• _What needs to be done_
Can you set down, exactly as they appear below, the lines from the opening of the material through the one bearing "<墨西哥牛肉薄餅>薄餅意外的", minus the pictures?

BEGIN Data

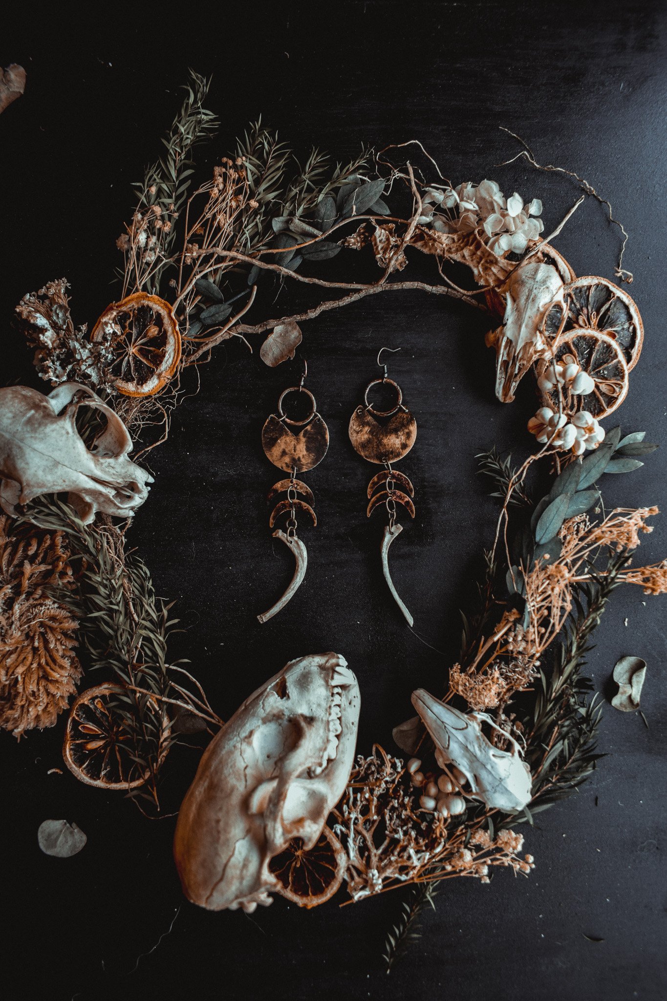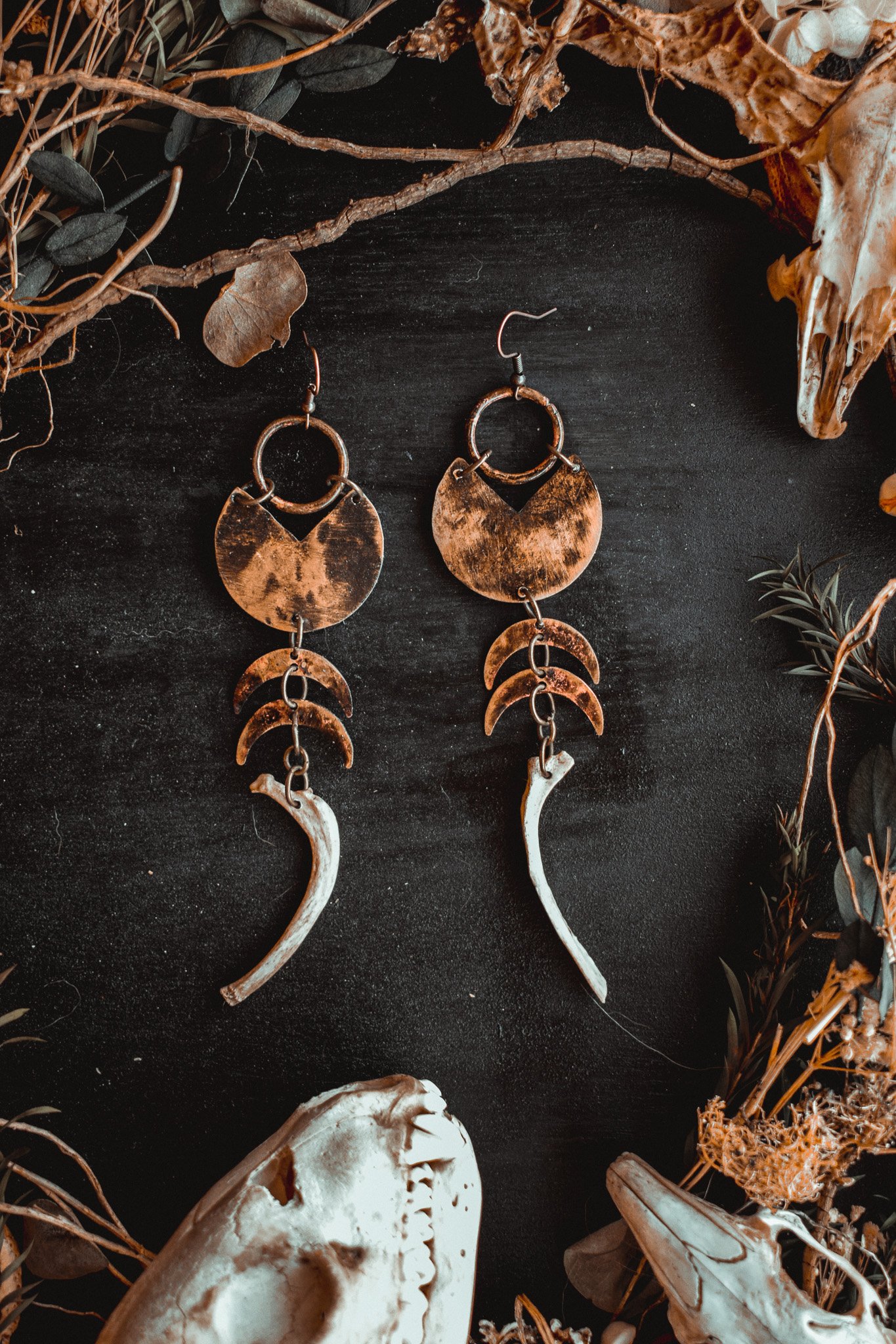 A pair of earrings created with rustic brass charms and salvaged rib bones
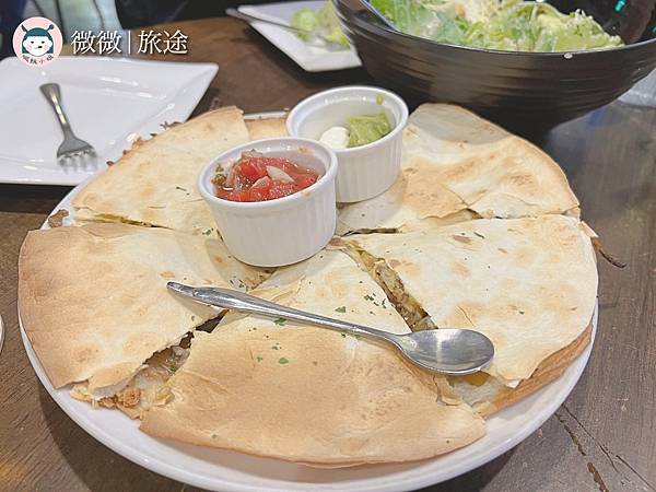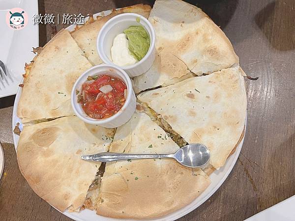<墨西哥牛肉薄餅>薄餅意外的很好吃,裡頭的牛肉不會太老,還有附上兩種醬料沙沙和酪梨醬,大家分著吃很適合
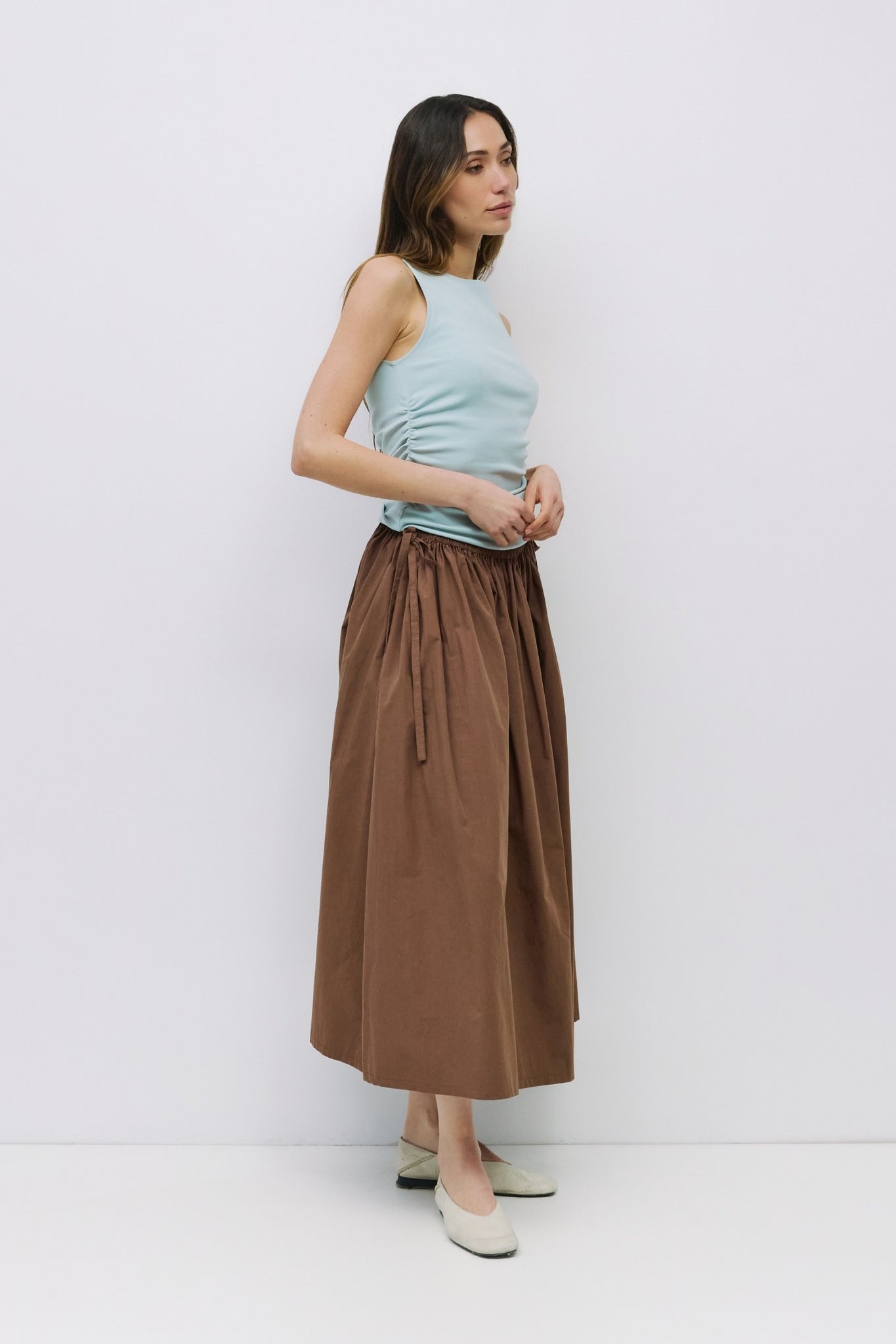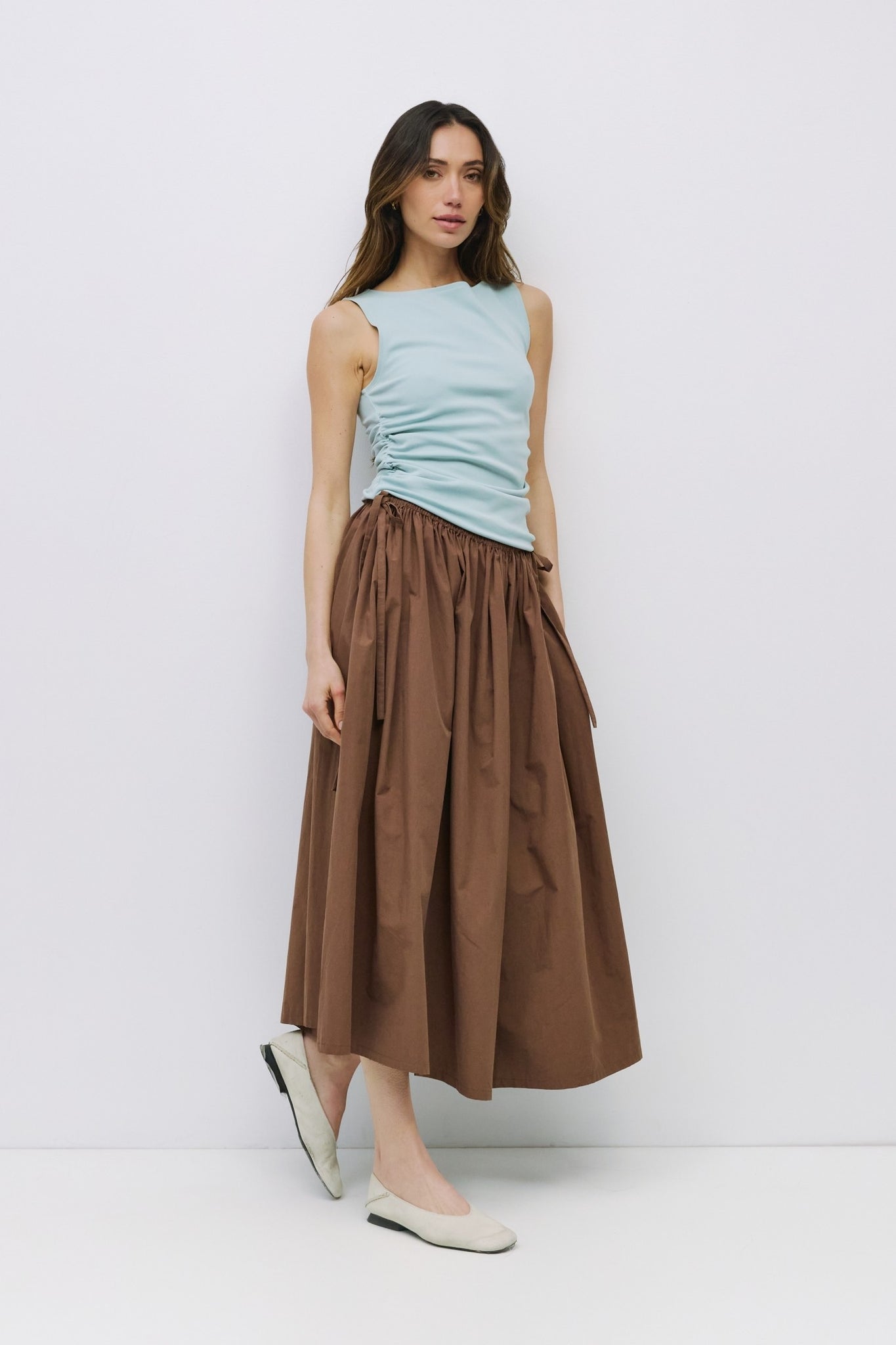 The Jordyn Top is a form-fitting sleeveless tank crafted from a soft midweight knit. Designed with a boat neckline and side ruching at the waist for a subtle, sculpted shape.

END Data

• _Written response_
 A pair of earrings created with rustic brass charms and salvaged rib bones
<墨西哥牛肉薄餅>薄餅意外的很好吃,裡頭的牛肉不會太老,還有附上兩種醬料沙沙和酪梨醬,大家分著吃很適合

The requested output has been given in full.